DUUU bist derjenige der IMMER!!! online ist...
schau dir mal dein beitrittsdatum und deine anzahl der posts an....

ich kann mir nicht vorstellen dass du in deiner arbeitszeit ausgelastet bist.
den arbeitgeber musst du mir mal nennen der das duldet.

kann das sein dass du arbeitslos bist?


----------



## vierlagig (9 April 2008)

funkdoc schrieb:


> das ist doch nur mehr ein witz welche aussagen du von dir gibst



der warnhinweis in meiner signatur kommt nicht von ungefähr



funkdoc schrieb:


> DUUU bist derjenige der IMMER!!! online ist...



mit "wer ist online"-auto-aktualisierung ist das keine kunst



funkdoc schrieb:


> schau dir mal dein beitrittsdatum und deine anzahl der posts an....



huch, ist mir ja noch gar nicht aufgefallen, danke für den hinweis



funkdoc schrieb:


> ich kann mir nicht vorstellen dass du in deiner arbeitszeit ausgelastet bist.
> den arbeitgeber musst du mir mal nennen der das duldet.



willste auch hier anfangen? deiner logik nach hätte ich dann noch weniger zu tun ... das gegenteil ist der fall, kann schnell erfassen, suchen und schreiben ... und dazu noch viele dinge gleichzeitig



funkdoc schrieb:


> kann das sein dass du arbeitslos bist?



öhm, nicht das ich wüßte


----------



## Perfektionist (9 April 2008)

vierlagig schrieb:


> ...
> ot: versau mir grad den schnitt von (4,00 Beiträge pro Tag) ... was man nicht alles tut ...


grade liegt der Schnitt bei 5,40 ...


----------



## vierlagig (9 April 2008)

Perfektionist schrieb:


> grade liegt der Schnitt bei 5,40 ...



du hast ja ein gedächtnis, respekt!


----------



## AUDSUPERUSER (9 April 2008)

vierlagig schrieb:


> d
> 
> 
> willste auch hier anfangen? deiner logik nach hätte ich dann noch weniger zu tun ... das gegenteil ist der fall, kann schnell erfassen, suchen und schreiben ... und dazu noch viele dinge gleichzeitig



Hallo 4L

Multitaskingfähig sind doch nur Frauen, kann es sein, dass Du bei deinem Geschlecht geschummelt hast? ROFLMAO

Gruss
Audsuperuser


----------



## funkdoc (10 April 2008)

wie soll es denn, wenn es nicht weiss was das zwischen den füssen eigentlich ist?



			
				vierlagig schrieb:
			
		

> da spricht wohl eindeutig der neid aus dem kleinen österreicher ... willste auch ein danke haben?

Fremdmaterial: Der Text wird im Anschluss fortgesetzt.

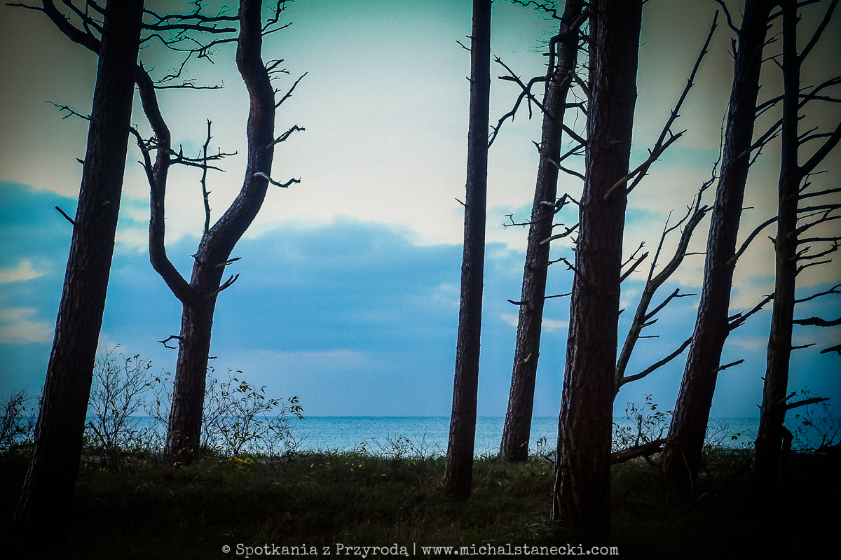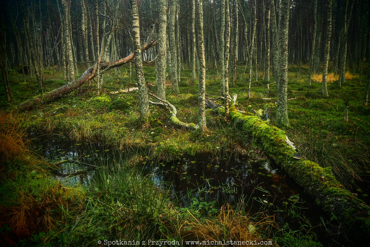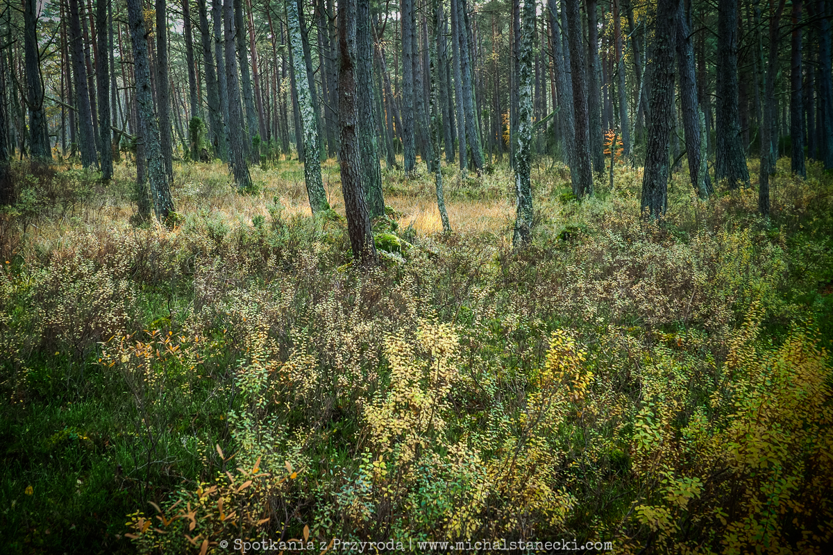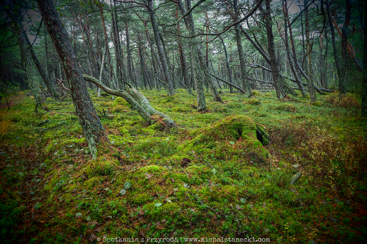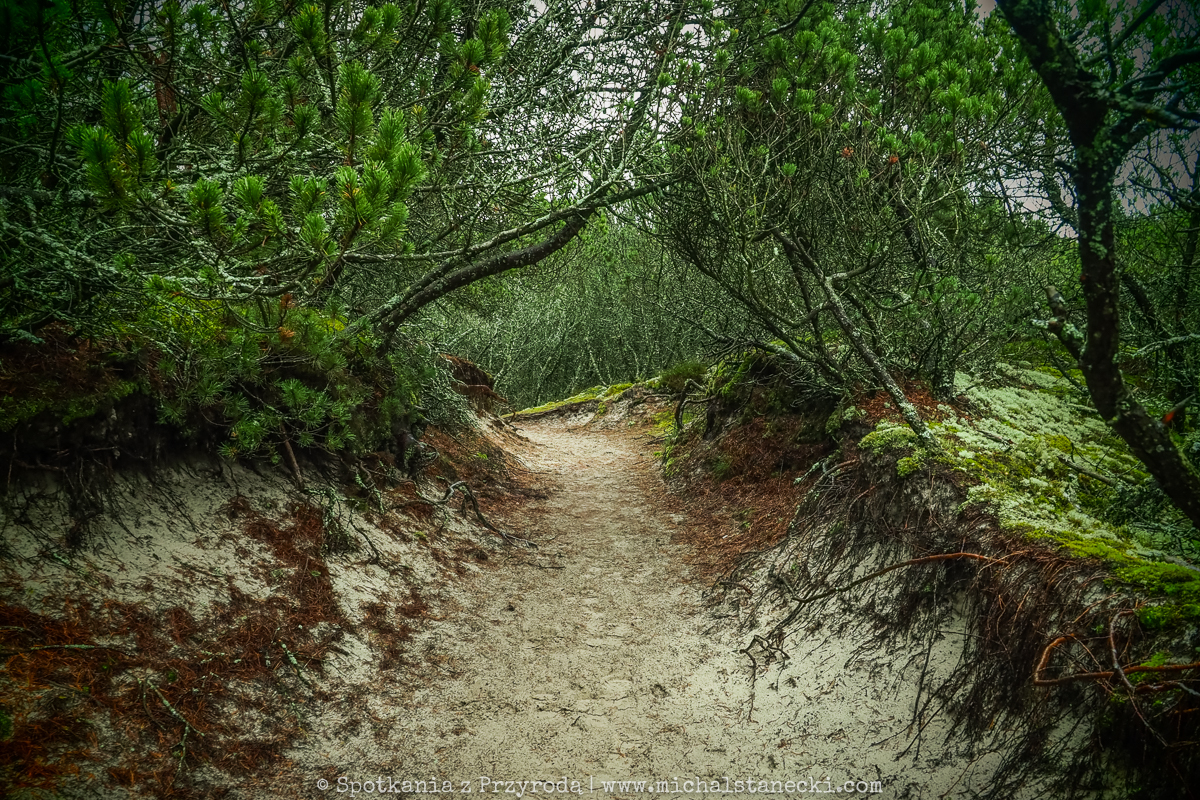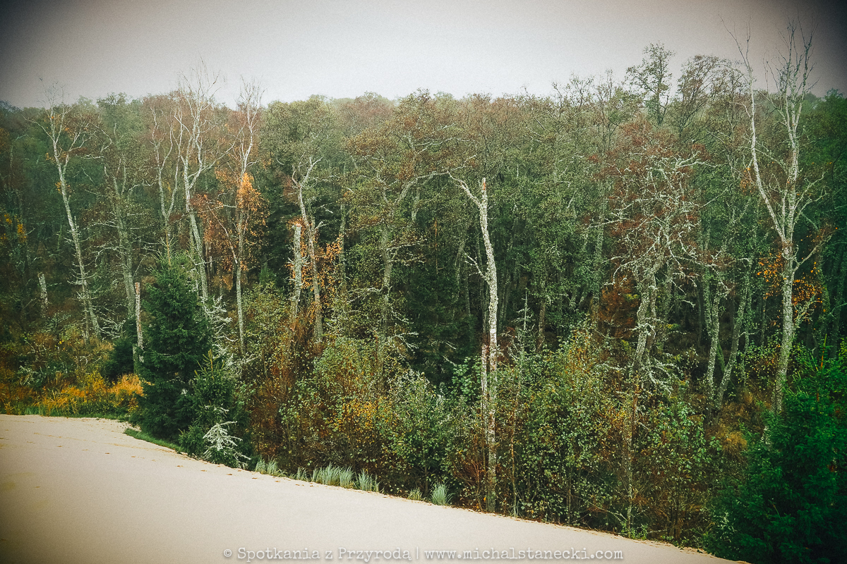 Słowiński Park Narodowy najczęściej kojarzony jest z ruchomymi wydmami. Choć są one uznawane za największą atrakcję Parku, to nas oczarowały lasy. Całodniowe wędrówki po parkowych szlakach pozwoliły nam zobaczyć lasy osadzone w zupełnie innych środowiskach. Suche (piaszczyste) bory sosnowe, karłowate sosenki rosnące szerokimi połaciami wzdłuż wybrzeża, bory bażynowe, torfowiska, i wreszcie zalane lasy, do pokonania których niezbędne były kalosze. Oczywiście SPN to także jeziora, typowe wydmy i plaże, ale nas zdecydowanie najbardziej urzekły wiecznie zielone iglaste lasy, które otulone jesiennym klimatem listopadowego chłodu i ciężkich chmur prezentowały się wyjątkowo.

ja ich bin sehr klein, das hast du schon gut gesehen "übers internet".
wenn ich auf euch preussen neidig sein würde, dann würd ich auch meinem hund das fressen aus seinem napf stehlen.

nene ist schon lustig mit den deutschen... kommen ja genug kollegen nach österreich  "mit und über" die man sich köstlich amüsieren kann.
auf der anderen seite stimmen die mich sehr nachdenklich, wenn die ihr land verlassen, weil sie zuhause nix mehr verdienen.
aber die schweiz wäre da auch ein tip, nur braucht man da eine arbeitserlaubnis.

@4L
und nein, danke brauch ich keins. mir gibt das DANKE-Geizen nix, so wie du es handhabst.
find ich übrigens extrem kindisch mit deinen 26 jahren...

grüsse


----------



## vierlagig (10 April 2008)

wer so bettelt, hat ein danke verdient, wenn auch nur aus mitleid


----------



## zotos (10 April 2008)

Suuuuuppppeer!

Ich danke Euch beide für diesen tollen Thread. Erinnert mich ein wenig an die Auseinandersetzung zwischen funkdoc und dem groß Meister Unregistrierter Gast. Die Spuren dieser Begegnung sind ja zum Glück im SV und/oder Giftschrank verschwunden. UG hatte wegen dem funkdoc die Österreicher im allgemeinen verunglimpft und wurde von funkdoc mit dem "N" Wort beschimpft... danach ging es dann richtig rund. Ach waren das noch Zeiten.

@vierlagig: Denk daran wir haben hier im Forum Kollegen aus vielen Ländern. Auch einige nette und fähige Kollegen aus Österreich was wie immer keinen Umkehrschluss erlaubt.


----------



## vierlagig (10 April 2008)

zotos schrieb:


> @vierlagig: Denk daran wir haben hier im Forum Kollegen aus vielen Ländern. Auch einige nette und fähige Kollegen aus Österreich was wie immer keinen Umkehrschluss erlaubt.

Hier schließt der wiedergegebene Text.